I am noting it because– though all Palestinian movements and spokesmen have always been quite clear that Sirhan Sirhan had no connection with them and was absolutely not acting in their name– there still is that “Palestinian” angle to the story of Bobby Kennedy’s killing, which perhaps makes the rediscovery of Kennedy’s youthful writings on the topic even more poignant.
I’ll just close by recalling that in 1957, when John Kennedy was still a senator, he publicly articulated a very principled position of support for the Algerian liberation movement, an Arab liberation movement that was operating at the other (west) end of Mediterranean against that firm US ally, France. So the Kennedys had quite an interesting overall record on Arab liberation movements, as a family.

4 thoughts on “Bobby Kennedy, Palestinians, and Israel”

  1. Actually, at the point during which Kennedy voiced support for the Algerians, France wasn’t such a firm ally of the US (remember all the problems De Gaulle was causing for NATO/US as well as the very recent US-France clash over Suez etc.?).
    Furthermore there are loads of indications anyway that the US position towards Algeria (like its position vis-a-vis the Suez War) had less to do with altruistic defence of anticolonial movements than with the kind of geopolitics that appeared as the world imperial metropole was shifting from London/Paris to Washington DC.
    As for Senator Kennedy’s supposed principled positions, once he became president and coined the word “counterinsurgency”, his hand-picked hawks (including especially people like Rostow) brought over loads of French generals (including the infamous Aussaresses responsible for torture during the Battle of Algiers) to come and give lessons on COIN at Ft Bragg to US Special Forces (which if you recall, were Kennedy’s favoured warriors).
    On the imperial baton being handed over see William Roger Louis’s excellent books on the end of British empire.

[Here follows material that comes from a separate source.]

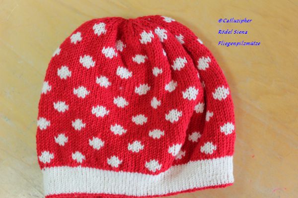 Vor 5 Jahren strickte ich für den Räuber eine Fliegenpilzmütze. Nun gibt es auch Erwachsene, die sich für das Punktemuster begeistern und so strickte ich für eine tolle Mitstrickerin eine Erwachsenenversion davon.
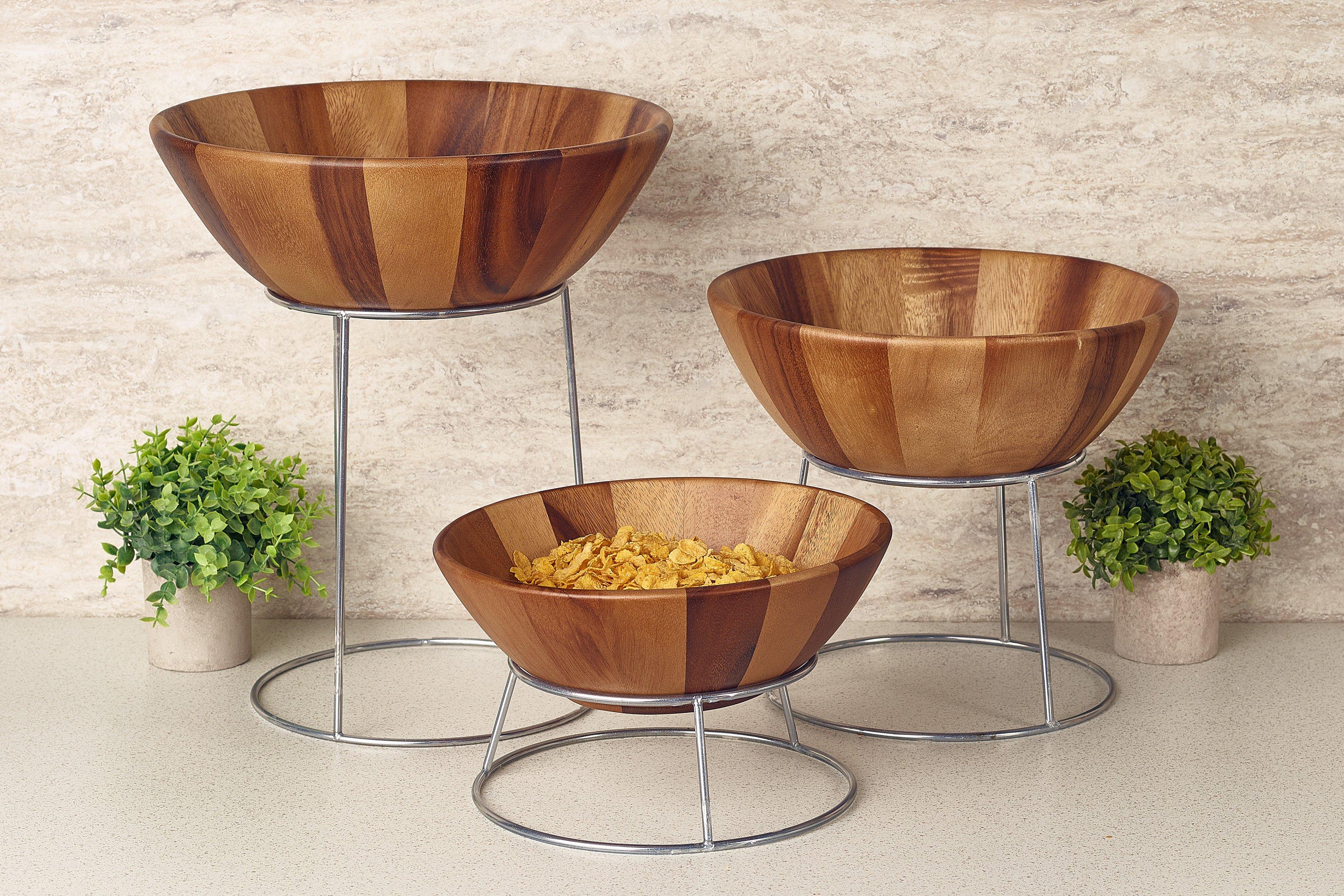 Add warmth, height, and natural beauty to your buffet displays with the GenWare Acacia Wood Buffet Bowls

  2. Not sure why the hateful one calls Kennedy’s position “demagouging.” Can’t Helena understand that one can take a sincere position in support of Israel?

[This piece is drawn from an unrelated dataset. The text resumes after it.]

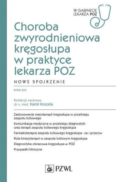Dysfunkcje kręgosłupa i tkanek okołokręgosłupowych stanowią jeden z głównych problemów zdrowotnych, z jakimi spotyka się lekarz POZ w swojej codziennej praktyce - zarówno na etapie wstępnej diagnostyki, jak i prowadzenia pacjenta z chorobami przewlekłymi. O tym, co jest istotne w rozpoznaniu i leczeniu oraz profilaktyce w opiece ambulatoryjnej choroby zwyrodnieniowej kręgosłupa, traktuje monografia pod redakcją naukową dr n. med. Kamila Koszeli. Jest to praktyczny zespół drogowskazów, rad i wskazówek dla lekarza rodzinnego dotyczących postępowania z pacjentem z chorobą zwyrodnieniową kręgosłupa. Publikacja dedykowana jest lekarzom POZ, ale może też być intersująca dla studentów medycyny, jak i lekarzy wielu innych specjalności, którzy w sowiej codziennej praktyce zajmują się tą populacją chorych.
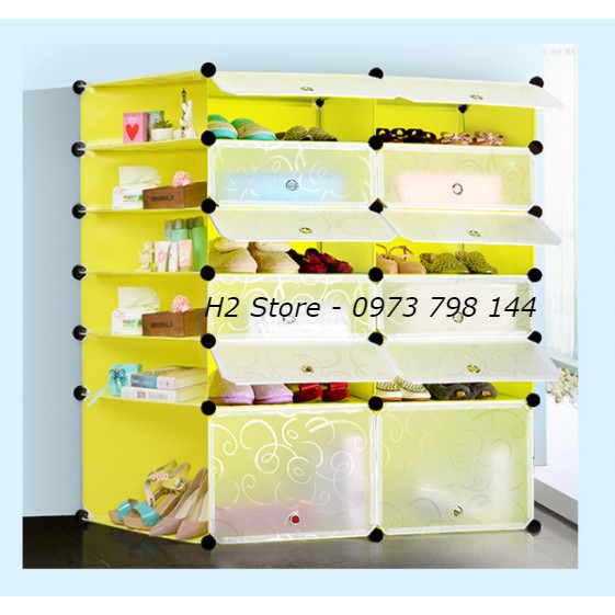 Giới thiệu [MẪU ĐỘC] - TỦ NHỰA LẮP GHÉP ĐỂ GIÀY ĐA NĂNG THÔNG MINH 2 Ô TO + 10 Ô NHỎ + 6 KỆ GÓC CỬA TRẮNG TRONG

  3. Lahlek, De Gaulle wouldn’t have been causing problems for the US in 1957 as he wasn’t in power.
    Joshua, do you ever have anything useful or constructive to say?

  4. Watcher,
    Yes. It’s necessary to point out that supporting Israel is not demagoguery but principled. How sad that our host sees the need to demean the views of one of the most inspirational politicians of the 20th century.